Re: A new proof of the superiority of set oriented approaches: numerical/time serie linear interpolation

"Brian Selzer" <brian_at_selzer-software.com> wrote in message news:JJ0_h.6944$rO7.6898_at_newssvr25.news.prodigy.net...
>
> "Jon Heggland" <jon.heggland_at_idi.ntnu.no> wrote in message
> news:f19oki$v63$1_at_orkan.itea.ntnu.no...
>> Brian Selzer wrote:
>>> "Cimode" <cimode_at_hotmail.com> wrote in message
>>> news:1178044184.315215.167590_at_p77g2000hsh.googlegroups.com...
>>>> What is a *database value* ? What do you mean that a database
>>>> (collection of facts) is one single value? Do you mean a relation
>>>> value? (the database being perceived as one single complex relation?)
>>>>
>>>
>>> The term "database" is pretty loaded. Most of the time a database is a
>>> value, a set of relations conforming to a particular schema--a
>>> representation of a collection of facts at a particular instant. In the
>>> context of modification, on the other hand, a database is a mutable
>>> entity
>>> whose state transitions from value to value as a result of a series of
>>> events. I use the phrases "database value" and "database state" to
>>> forestall any confusion.
>>>
>>> A set is a value. A database (in the first sense) is a set of named
>>> sets
>>> (relations) of sets (tuples) of named values (attribute values) that
>>> conforms to a particular schema. Therefore it is a single value.
>>
>> Or, if you want to simplify the above by avoiding "state" and "mutable",
>> you could say (as D&D do) that a database is a variable---a
>> dbvar---which has a db value. Which is a tuple.
>
> I think not. A variable permits assignment. You can't compare the value
> being replaced with the value being assigned because (1) the values belong
> to different frames of reference, and (2) a relation is a named set of
> sets, not a named set of named sets. The different frames of reference
> prevent the use of even logical identity. As a consequence, either a
> mapping between the elements in each relation in each value must be
> specified during the transformation, which is not possible with
> assignment, or a mapping must be interpretable from the content of each
> relation, which is only possible if at least one determinant in each tuple
> of each relation is invariant (able to survive any transformation).
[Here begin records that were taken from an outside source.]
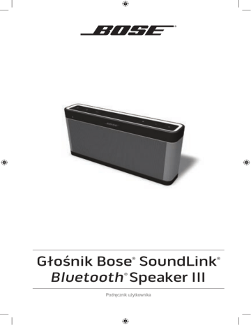 Głośnik Bose SoundLink Bluetooth Speaker III ® ® Podręcznik użytkownika ® Bezpieczeństwo Przeczytaj ten podręcznik Należy uważnie przeczytać zalecenia zamieszczone w tym podręczniku użytkownika. Ułatwią one prawidłowe konfigurowanie, obsługę i optymalne wykorzystanie systemu. Podręcznik należy zachować w celu ponownego wykorzystania. Symbol błyskawicy ze strzałką w trójkącie równobocznym ostrzega użytkownika o zagrożeniach związanych z obecnością w obudowie nieizolowanych podzespołów pod napięciem, którego wartość może być przyczyną porażenia prądem elektrycznym. Symbol wykrzyknika w trójkącie równobocznym, umieszczony na urządzeniu, wskazuje użytkownikowi ważne instrukcje dotyczące obsługi i konserwacji, zamieszczone w tym podręczniku. OSTRZEŻENIA: •Aby ograniczyć ryzyko pożaru i porażenia prądem elektrycznym, należy chronić urządzenie przed deszczem i wilgocią. •Nie należy narażać urządzenia na zachlapanie ani umieszczać w jego pobliżu naczyń wypełnionych płynami, takich jak wazony. Podobnie jak w przypadku innych urządzeń elektronicznych, należy zachować ostrożność, aby nie dopuścić do przedostania się rozlanych płynów do wnętrza urządzenia. Płyny mogą spowodować awarię i/lub zagrożenie pożarowe. •Na urządzeniu lub w jego pobliżu nie należy umieszczać źródeł otwartego ognia, np. zapalonych świec. •Nie należy używać innej ładowarki niż dostarczona specjalnie do użytku z tym urządzeniem. •Konieczne jest naładowanie akumulatora przed użyciem. Należy zawsze używać odpowiedniej ładowarki. Wskazówki dotyczące prawidłowego ładowania można znaleźć w instrukcji producenta. •Po dłuższych okresach przechowywania konieczne może być wielokrotne naładowanie i rozładowanie zestawu akumulatorów w celu uzyskania maksymalnej wydajności. •Zestaw akumulatorów uzyskuje najlepszą wydajność, pracując w normalnej temperaturze pokojowej (68°F ±23°F lub 20°C ±5°C). •Nie należy pozostawiać akumulatora w ładowarce przez dłuższy czas, gdy nie jest używany. •Nie należy wystawiać zestawu akumulatorów na działanie wysokich temperatur np. bezpośrednio padających promieni słonecznych, ognia itp. •Nie należy narażać zestawu akumulatorów na wstrząsy. •W przypadku wycieku z zestawu akumulatorów nie należy zezwolić na kontakt cieczy ze skórą lub oczami. W przypadku kontaktu należy przemyć zanieczyszczony obszar dużą ilością wody i zasięgnąć porady lekarskiej. •Nie należy używać zestawów akumulatorów, które nie zostały zaprojektowane do użytku z tym urządzeniem. •Zestaw akumulatorów należy przechowywać czystym i suchym miejscu. •Aby uzyskać akumulator zastępczy, należy skontaktować się z Działem Obsługi Klientów firmy Bose. Słowo Bluetooth® i logotypy są zastrzeżonymi znakami towarowymi firmy Bluetooth SIG, Inc., używanymi przez firmę Bose Corporation na mocy licencji. Wi-Fi jest zastrzeżonym znakiem towarowym organizacji Wi-Fi Alliance. ©2013 Bose Corporation. Żadnej części tej publikacji nie wolno powielać, modyfikować, rozpowszechniać ani wykorzystywać w inny sposób bez uprzedniego uzyskania pisemnego zezwolenia. 2 - Polski Bezpieczeństwo OSTRZEŻENIE: Produkt zawiera elementy magnetyczne. Wszelkie wątpliwości dotyczące wpływu tych elementów na funkcjonowanie implantów medycznych należy skonsultować z lekarzem. PRZESTROGA: Nie należy modyfikować systemu lub akcesoriów. Nieautoryzowane modyfikacje mogą niekorzystnie wpływać na bezpieczeństwo, zgodność z przepisami i wydajność systemu. UWAGI: •Etykieta jest umieszczona na dolnym panelu obudowy. •Jeżeli urządzenie jest wyłączane przez wyjęcie wtyczki przewodu zasilającego lub przedłużacza z gniazda sieciowego, należy zapewnić możliwość swobodnego korzystania z tego elementu wyposażenia. •Dołączony do urządzenia zasilacz sieciowy może być używany wyłącznie wewnątrz pomieszczeń. Nie zostało zaprojektowane z myślą o używaniu na zewnątrz, w pojazdach ani na łodziach, jak również nie zostało pod tym względem przetestowane. •Ten produkt jest przeznaczony do użytku jedynie z dostarczonym zasilaczem sieciowym lub też zasilaczem czy ładowarką firmy Bose® zaprojektowaną do użytku z tym produktem. Ważne zalecenia dotyczące bezpieczeństwa 1. Należy przeczytać podręcznik. 2. Należy zachować instrukcje. 3. Należy stosować się do wszystkich ostrzeżeń. 4. Należy postępować zgodnie z instrukcjami. 5. Nie należy korzystać z tego urządzenia w pobliżu wody. 6. Urządzenie należy czyścić wyłącznie przy użyciu suchej ściereczki. 7.Nie wolno blokować otworów wentylacyjnych. Urządzenie należy zainstalować zgodnie z zaleceniami producenta. 8.Nie wolno instalować urządzenia w pobliżu źródeł ciepła, takich jak kaloryfery, przewody kominowe, piece lub inne urządzenia (na przykład wzmacniacze) wydzielające ciepło. 9.Należy korzystać wyłącznie z dodatków/akcesoriów zalecanych przez producenta. 10.Urządzenie należy odłączyć od sieci zasilającej podczas burzy z wyładowaniami atmosferycznymi lub wówczas, gdy nie jest używane przez dłuższy czas. 11.Wykonanie wszystkich prac serwisowych należy zlecić wykwalifikowanemu personelowi. Naprawa w serwisie jest wymagana w przypadku jakiegokolwiek uszkodzenia urządzenia, np. uszkodzenia przewodu zasilającego lub wtyczki, dostania się do wnętrza urządzenia płynu lub przedmiotów, po narażeniu urządzenia na działanie deszczu lub wilgoci, gdy urządzenie nie działa normalnie lub jeśli zostało upuszczone. Informacje dotyczące urządzeń generujących zakłócenia elektryczne To urządzenie jest zgodne z normami FCC i Industry Canada dotyczącymi limitów narażenia na promieniowanie o częstotliwościach radiowych określonych ogólnie dla ludzi. Urządzenie nie może znajdować się w pobliżu ani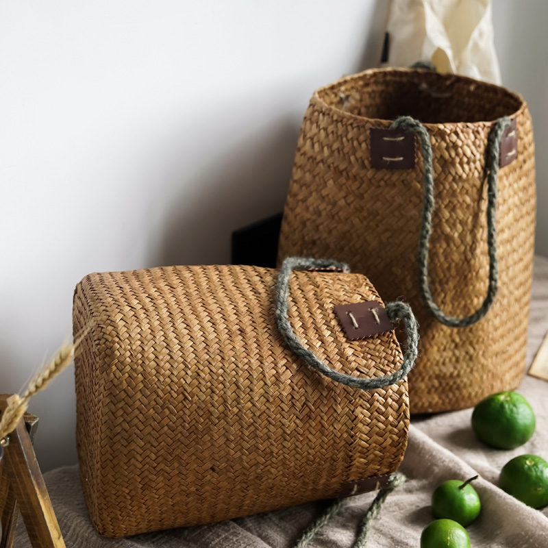Left bank McTian Ian handmade grass Woven Basket Woven Basket Hemp Rope Rattan basket Daily Contained Basket Debris Basket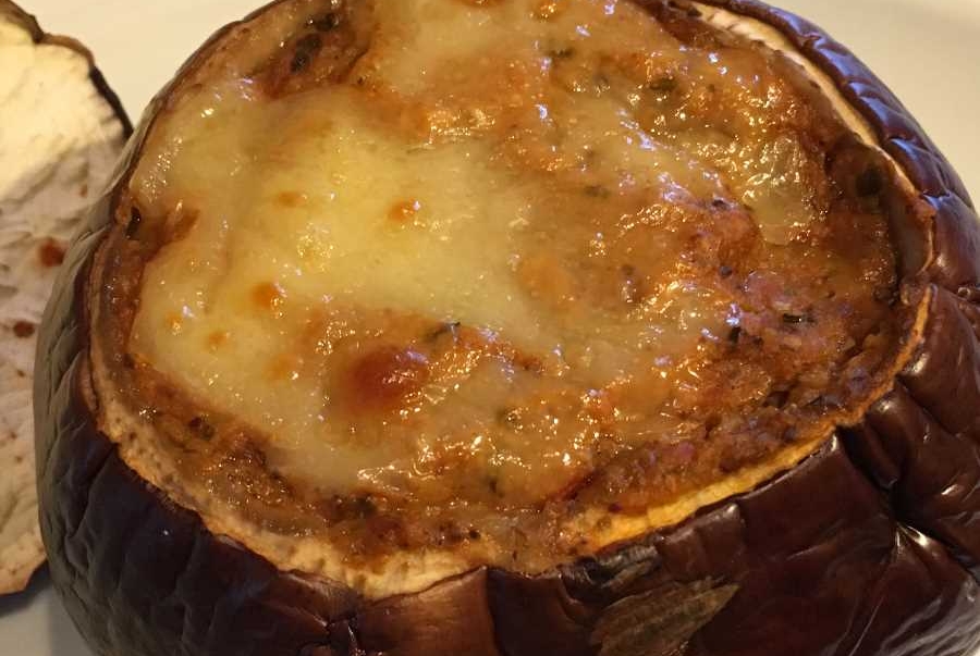 Disponete le melanzane in verticale in una teglia sufficientemente stretta per non farle rovesciare. Versate sul fondo della teglia un bicchiere d’acqua leggermente salata, irrorate le melanzane con 2 cucchiai d’olio d’oliva e cuocetele in forno a 180°C per 30-40 minuti.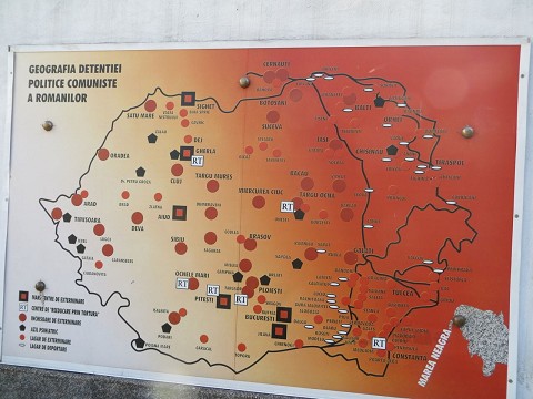<This was a map of Romania's dark history of Communism – these were prisons, torture camps, extermination centers, etc>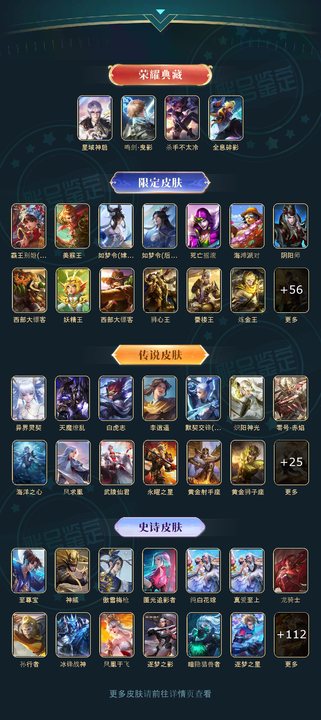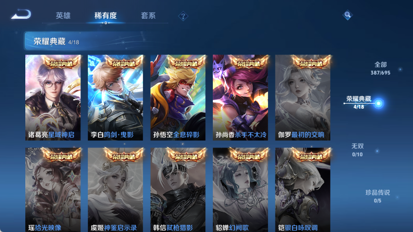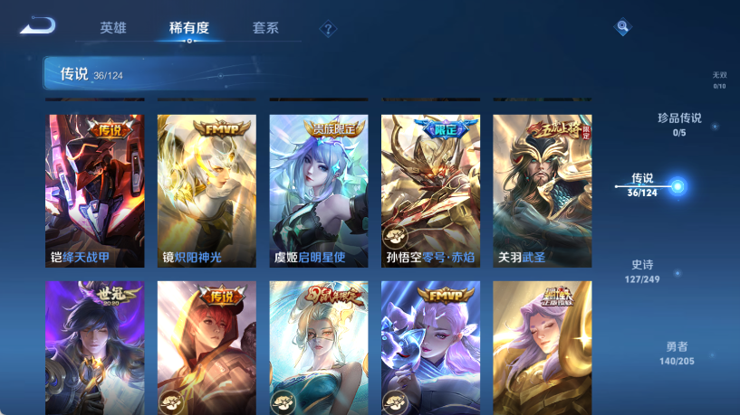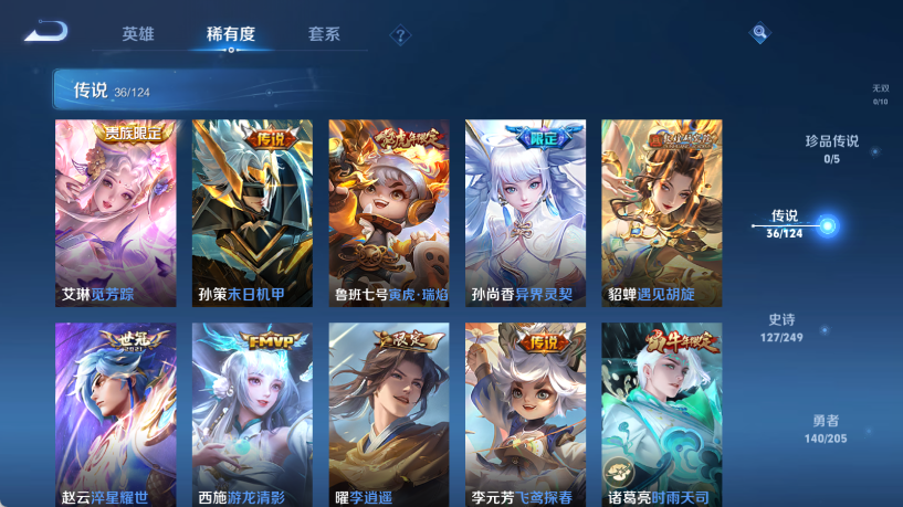 贵族等级V10,英雄数量125,典藏皮肤数4,皮肤数量405,冰锋战神街头霸王纯白花嫁天魔缭乱至尊宝杀手不太冷真爱至上王者之锤凤求凰逐梦之影武陵仙君黄金狮子座一生所爱全息碎影大圣娶亲冰霜恋舞曲青龙志白虎志朱雀志太华飞衡梁祝白鹤梁神女匿光追影者鸣剑·曳影遇见胡旋龙胆星域神启李逍遥武圣孙行者玉兔公主异界灵契神威傲雪梅枪淬星耀世时雨天司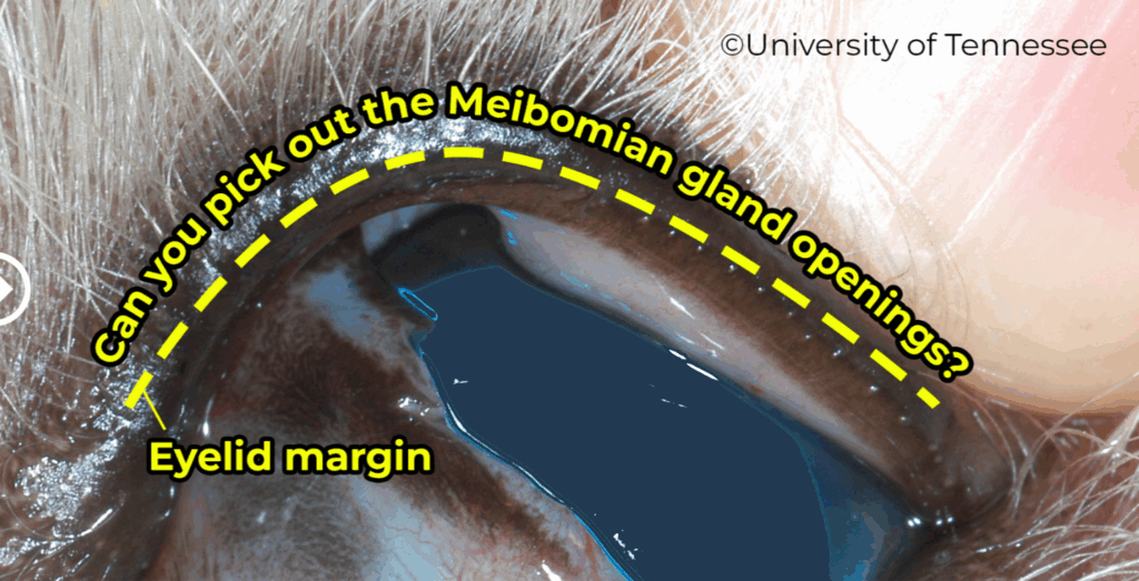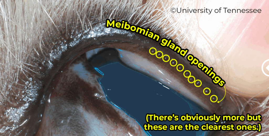 下の画像は犬の左上眼瞼のクローズアップですが、そこに存在するマイボーム腺の開口部が分かりますか?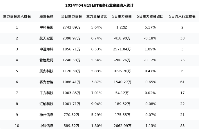 从主力资金流向来看,IT服务行业今日主力资金流入42.68亿元,在所有申万二级行业中排名:8/131。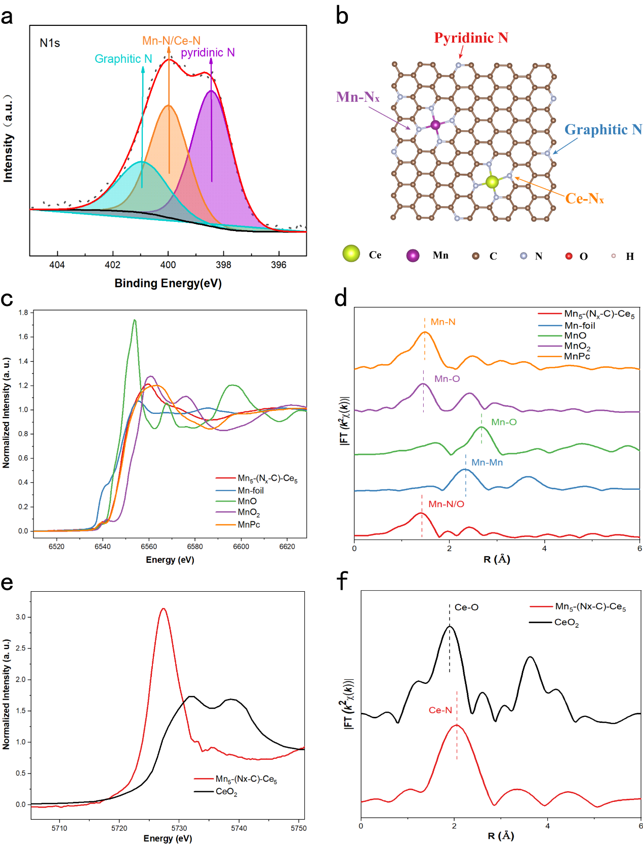 图2.催化剂N 1sXPS数据(a);N物种示意图(b);Mn K边XANES(c)和Mn FT-EXAFS(d);Ce K边XANES(e)和Ce FT-EXAFS(f)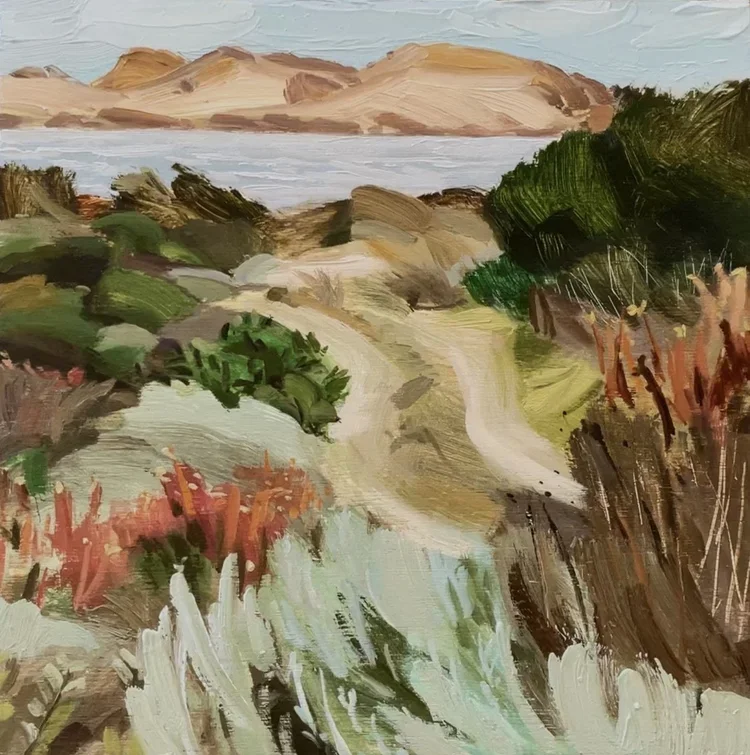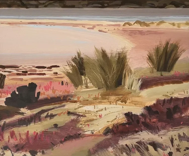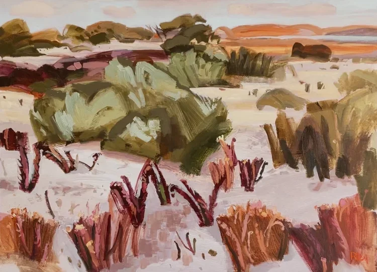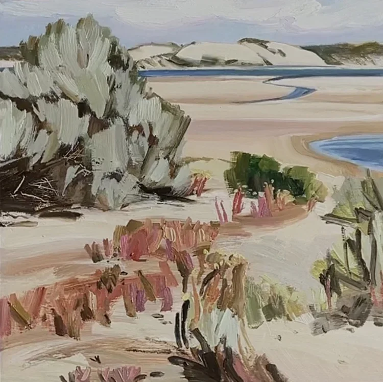 After studying Art and Design in Fremantle, Suzie Riley returned to her home state of South Australia. She now lives on Bunganditj country in the village of Robe. Seeking the pulse and energy of real experience, living and working on the Coast is key to Riley’s connection to the landscape. The colours of the earth, the sea and coastal vegetation have left an imprint that has become part of her subconscious narrative.
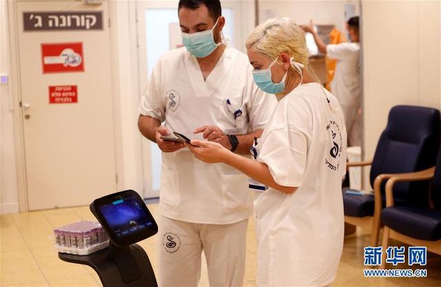 5月12日,在以色列特拉維夫市區(qū)附近的謝巴醫(yī)療中心新冠治療科室,醫(yī)護(hù)人員操作一臺智能服務(wù)型機(jī)器人。新華社發(fā)(吉爾科恩馬根 攝)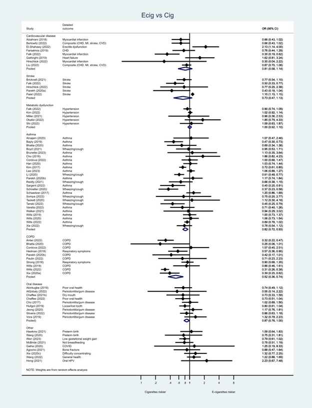 These are the same conclusions we reached in our meta-analyses of 107 papers available as of October 1, 2023, when we completed the search for our NEJM Evidence paper Population-Based Disease Odds for E-Cigarettes and Dual Use versus Cigarettes (one page plain English summary). For comparison, here are the meta-analysis results from all 107 studies included in our paper: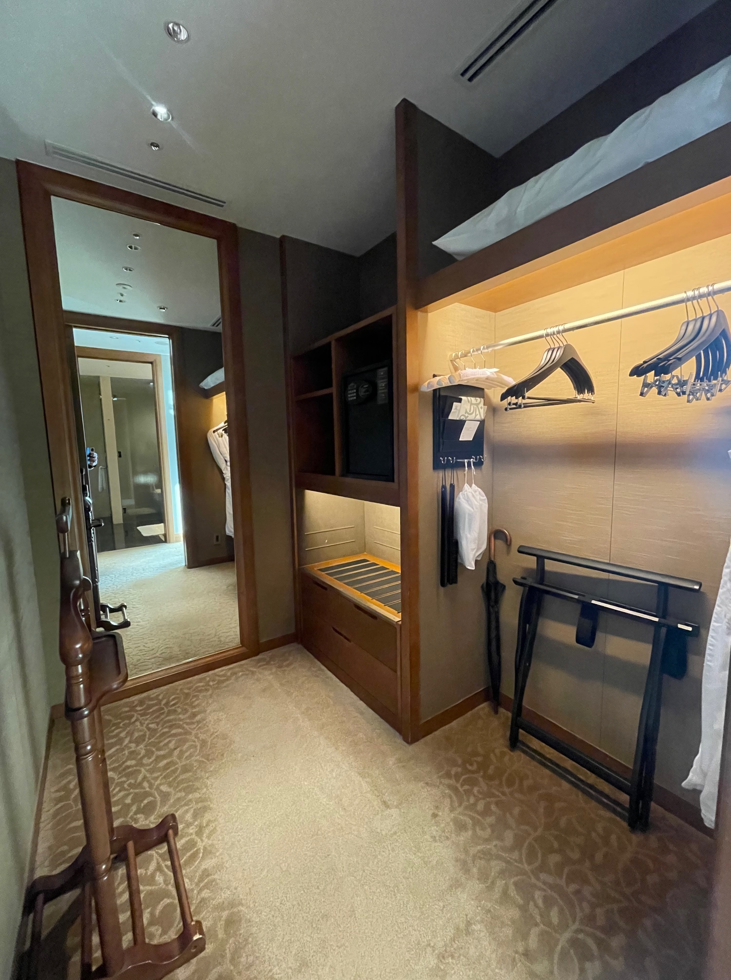 ウォークインクローゼットはとても広々としています。長期滞在の大きな荷物があっても問題なさそうです。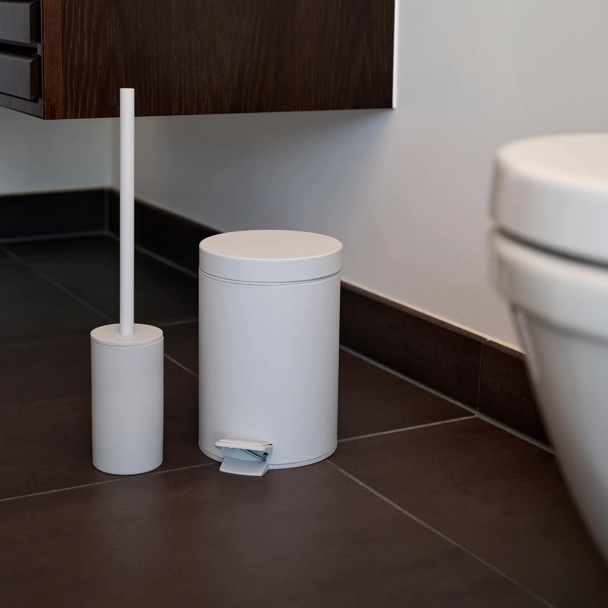 In verschiedenen Farben erhältlich, gehören neben der Toilettenbürste auch ein Zahnbürstenbecher und ein Pedaleimer zu der Serie. Ein Ersatz-Bürstenkopf ist separat erhältlich.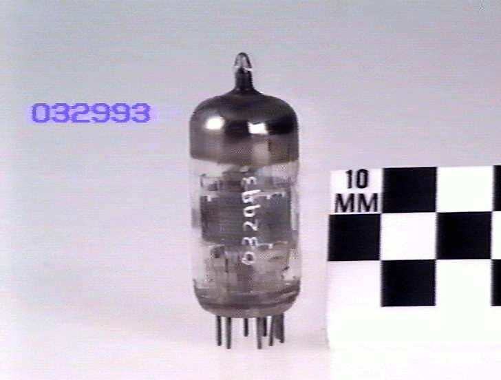 Tubular glass bulb with exhaust tip on top with ten pin miniature configuration.

Once
> that mapping has been established, logical identity can again be used
> because domains are invariant. (Even though domains are invariant, the
> combinations of values from those domains aren't. The mapping, when
> combined with the invariant domains and names, provides a frame of
> reference under which each pair of elements can be compared.) Since key
> updates have been part of the model since its inception, and since
> surrogates aren't, assignment would permit certain constraints to be
> bypassed--a clear violation of one of Codd's rules.
>

Clarification. In a closed world, the assignment itself provides a frame of reference for comparison, so it *can* be determined whether or not the values are identical, or whether or not one or more corresponding relations within each value are identical. As often is the case, I'm wrong: logical identity can be used. On the other hand, it can only be determined that a tuple in a relation in one value is identical to a tuple in a relation in the other. If a relation in the replaced value is neither a superset nor a subset of the relation with the same name in the assigned value, and if more than one element is different, then a mapping is required for comparison. And again, since key updates have been part of the model since its inception, and since surrogates aren't, assignment would permit certain constraints to be bypassed--a clear violation of one of Codd's rules.

>> --
>> Jon
>
>
Received on Wed May 02 2007 - 18:16:23 CEST